A cell, yes. But not a panel that had a bad cell (for most panels with bypass diodes.)
Consider a 150W "24V" panel, which might be about 36Voc, 30Vmp, and has three diode-bypassed sections.
If Isc = 5.5A and Imp 5.0A, each section is 12Voc, 5.5A Isc.
At maximum power point it puts out 30V, 5.0A. Voc = 36V, Isc = 5.5A
In the event one section had a cell broken such that it only delivered 2.5A:
At 30V it delivers 2.5A, 75W
Open circuit, Voc = 36V
Short circuit, the two good sections push current past bypass diode of bad section, Isc = 5.5A
This panel would deliver maximum power at 20V, 5.0A, 100W
Only some SCC would move past the 75W peak to find higher wattage at lower voltage.
Same issue with partial shading, shading of parallel strings, shading of half-cut panels.
So only measuring under load is that detected. If you look through tables of measurements in my thread, I highlighted bad ones with colors. Two panels delivered less than half the power that good ones did. Their Isc was reduced, but not by that much. Possibly, Isc was only reduced due to bad (but not as bad) cells in other sections. If just one cell bad, possibly Isc would not have given any indication.
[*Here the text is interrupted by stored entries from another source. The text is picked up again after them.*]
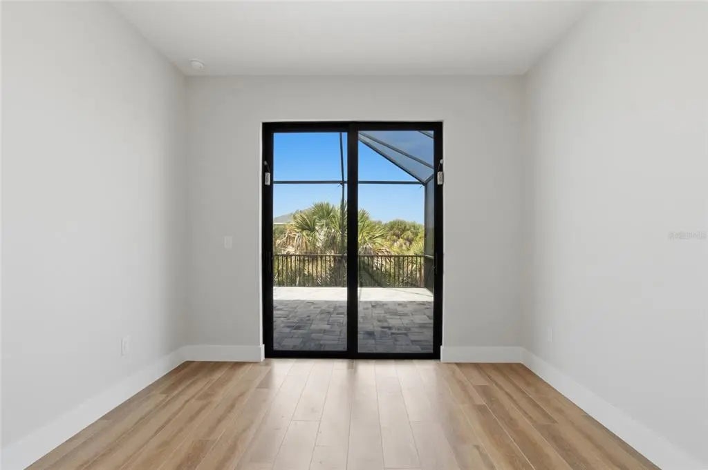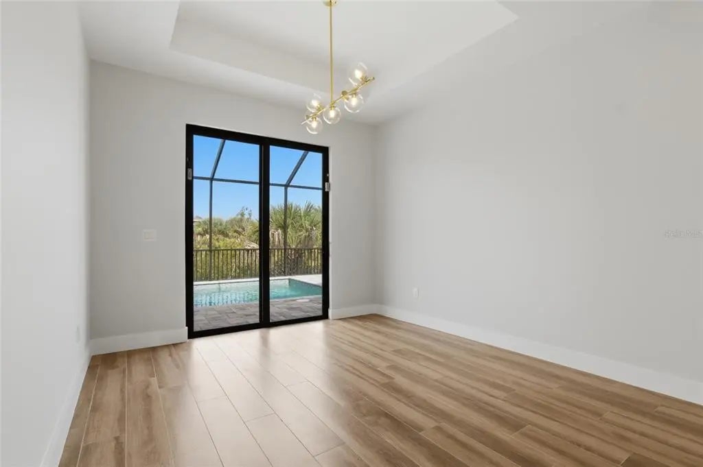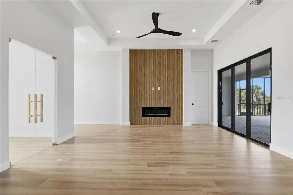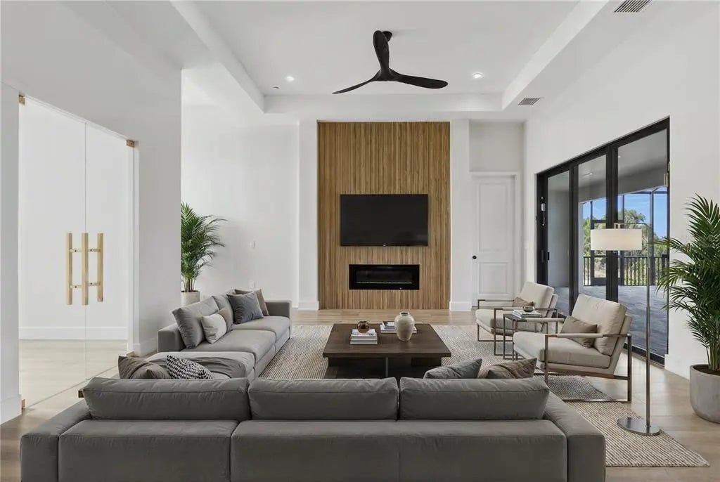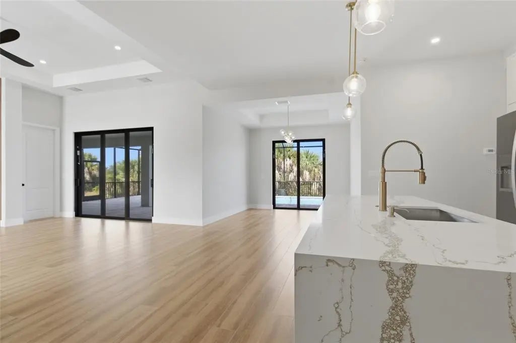 This exceptional brand-new custom-built residence showcases modern elegance and quality craftsmanship throughout. A paver driveway, grand entrance and floor-to-ceiling windows with slatted wood accents introduce the refined design within. Set on a saltwater canal with direct Gulf access in the sought-after South Gulf Cove community, this three-bedroom plus office, three-and-a-half-bathroom home offers elevated living and thoughtful functionality. Inside, soaring volume ceilings, eight-foot doors and designer wood plank tile flooring create a bright, sophisticated atmosphere. The living room features a tray ceiling with recessed lighting and a three-panel sliding glass door that opens to the covered lanai for seamless indoor-outdoor flow. The primary suite offers a serene retreat with lanai access, two walk-in closets and a spa-inspired bathroom with dual vanities, quartz countertops and a tiled shower with dual showerheads. Two additional bedrooms feature private ensuite bathrooms. The chef’s kitchen is appointed with high-end stainless steel appliances, a tile backsplash, walk-in pantry and a waterfall-edge quartz island accented by pendant lighting. Gold hardware throughout adds a refined modern touch. Hurricane-impact windows and sliding glass doors provide year-round peace of mind. Outdoor living is equally impressive, offering a covered lanai, summer kitchen, outdoor shower and a pool and spa with a sundeck. A sixty-foot paver pool deck and upgraded cage complete this exceptional setting. The oversized three-car garage provides abundant storage and additional flexibility. Located minutes from beaches, golf courses, marinas and coastal recreation, this 2,014-square-foot residence lives even larger with its open design and soaring ceilings. South Gulf Cove offers two boat ramps, five parks and convenient golf cart access, creating an ideal waterfront lifestyle. This remarkable home blends luxury, comfort and craftsmanship in a premier coastal location.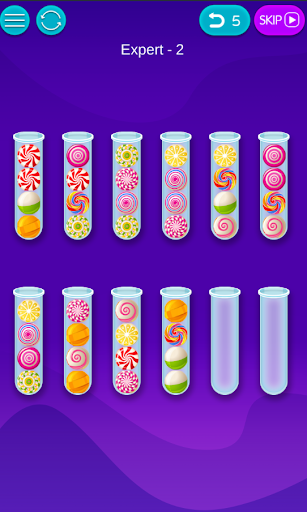 Candy Sort Puzzle is a fun and addictive puzzle game! Try to sort the colored balls in the tubes until all balls with the same color stay in the same tube. A challenging yet relaxing game to exercise your brain!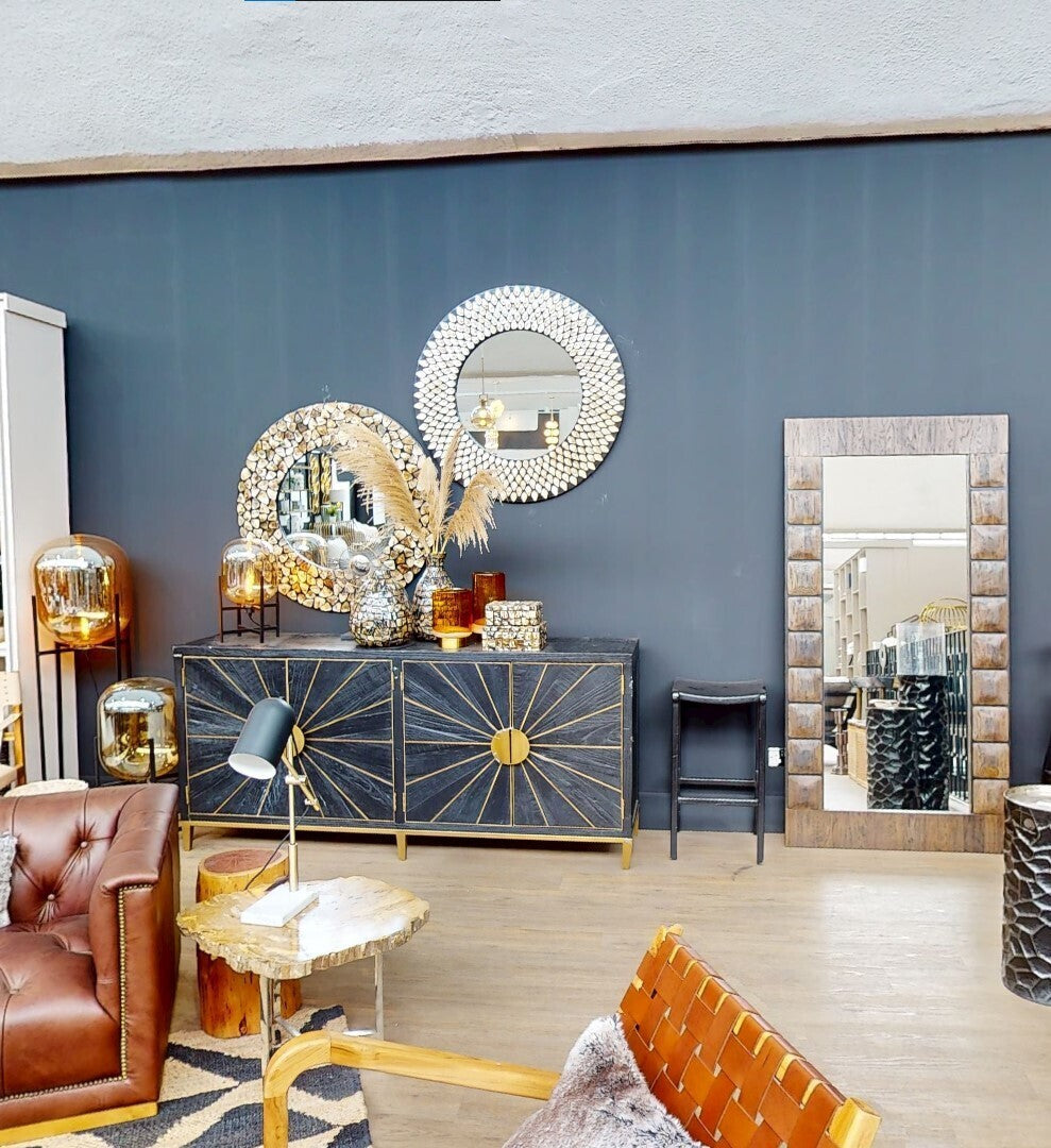 The Kendari barstool is crafted from solid teak wood in a black finish. The design highlights a gently curved seat made from smooth black leather, providing comfort. The sturdy frame includes horizontal bars for a convenient footrest. This piece's understated elegance makes it a perfect fit for a modern kitchen or sophisticated bar area.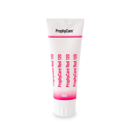 ProphyCare 120 puhdistuspasta poistaa värjäytymät ja plakin hampaiden pinnoilta kiillottaen ne samalla tehokkaasti. Jättää hampaille sileän ja suuhun raikkaan tunteen hoidon jälkeen. Homogeeninen koostumus, pasta ei kuivu, nesteydy, erotu tai roisku. Sopii hyvin myös implanteille. Sisältää fluoria 0,1 %. Mieto mintun maku. Tuubi 60 ml ( 84 g ).
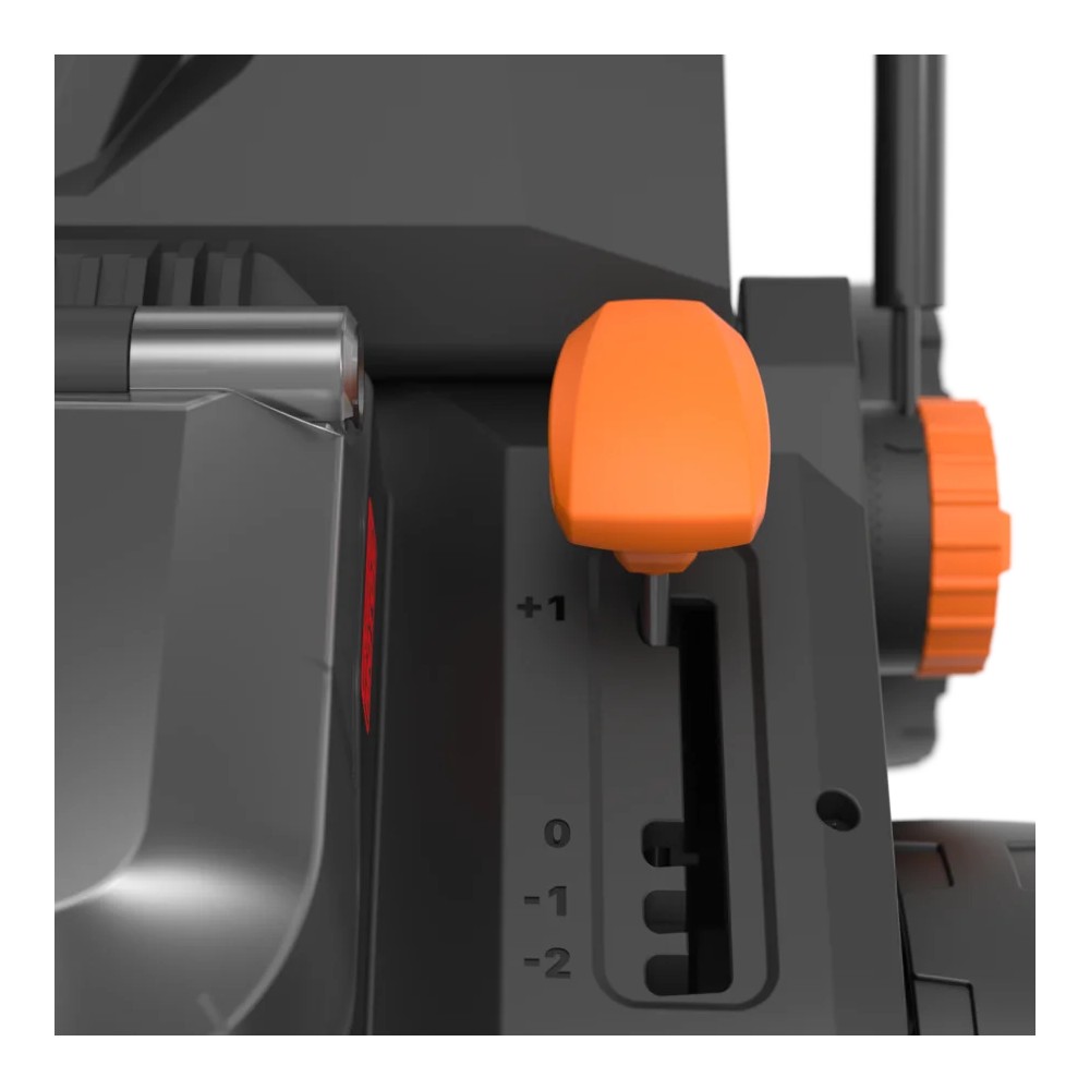 El diseño incorpora un fondo curvado que reduce la resistencia, facilitando el desplazamiento respecto a otros modelos del mercado. La máquina dispone de 4 posiciones de altura ajustables mediante una palanca, adaptándose a las diferentes necesidades de tu césped. Además, la bolsa de recogida de 40 L permite trabajar durante más tiempo sin interrupciones.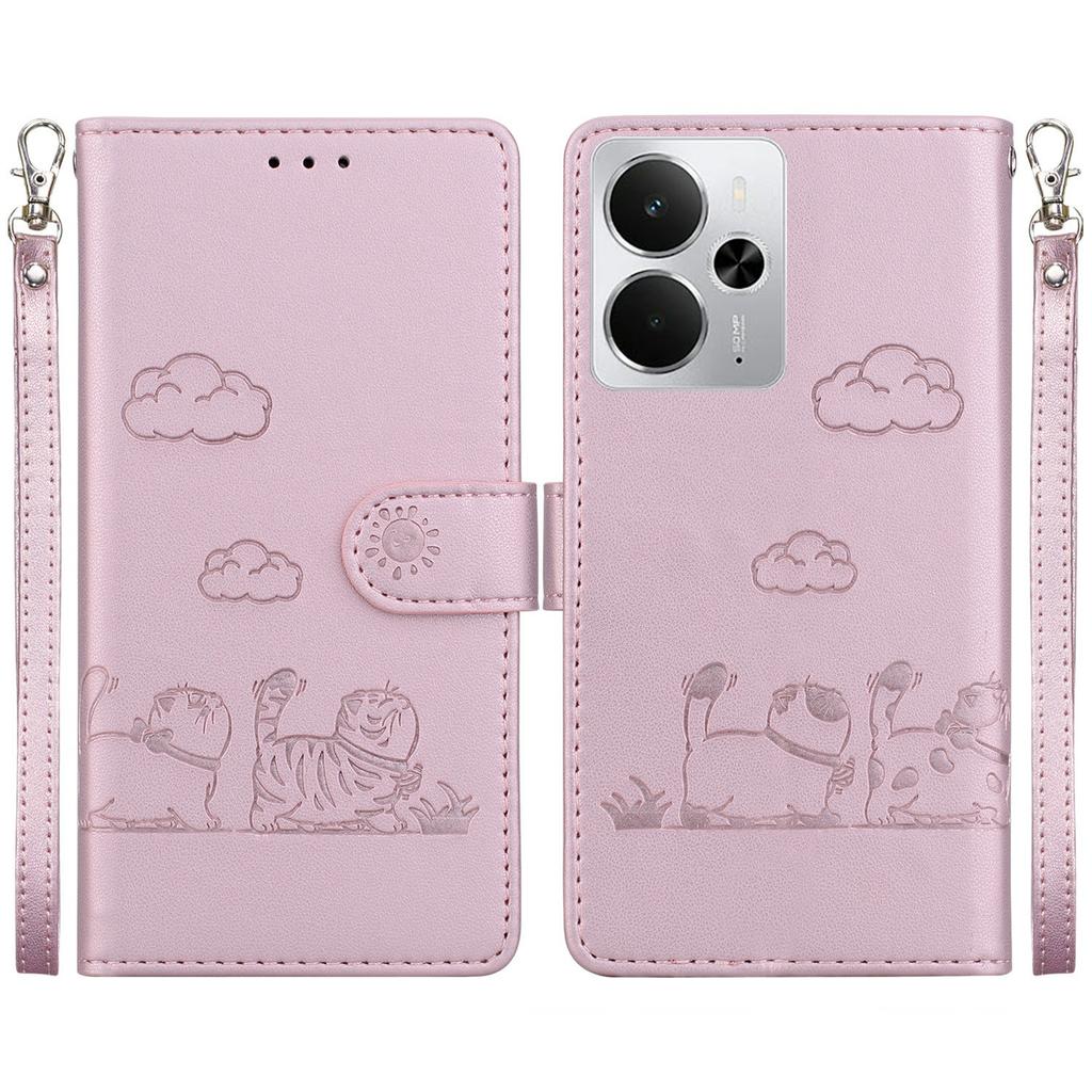 Чехол для Realme 14 5G с блокировкой RFID, рисунок котенка, ТПУ+ПУ кожа, чехол для телефона
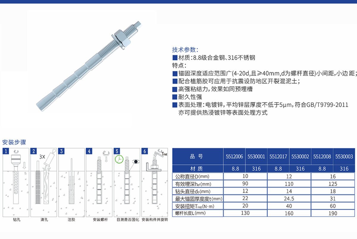 特殊倒锥形化学锚栓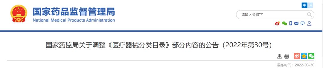 為進(jìn)一步深化醫(yī)療器械審評審批制度改革,依據(jù)醫(yī)療器械產(chǎn)業(yè)發(fā)展和監(jiān)管工作實(shí)際,按照《醫(yī)療器械監(jiān)督管理?xiàng)l例》《醫(yī)療器械分類目錄動態(tài)調(diào)整工作程序》有關(guān)要求,國家藥監(jiān)局決定對《醫(yī)療器械分類目錄》部分內(nèi)容進(jìn)行調(diào)整?,F(xiàn)將有關(guān)事項(xiàng)公告如下:

I've thought the degradation could have been due to bias voltage away from ground. Unfortunately I didn't keep track of series connection order while disconnecting for testing (wiring was interleaved to minimize use of extension wires.) The panels spent most of their lives positive biased in a negative-ground array, but the last year before these tests in an ungrounded array with transformerless inverter. That meant half were biased negative, and may have suffered PID. This could have affected all cells to some degree, although those closer to the frames maybe more so.
It is not unlikely that some batches of panels are on the used market because they suffered degradation. Others we read are because part of a solar farm was damaged, and the surviving panels were offered for sale. Caveat Emptor, which is what testing is about.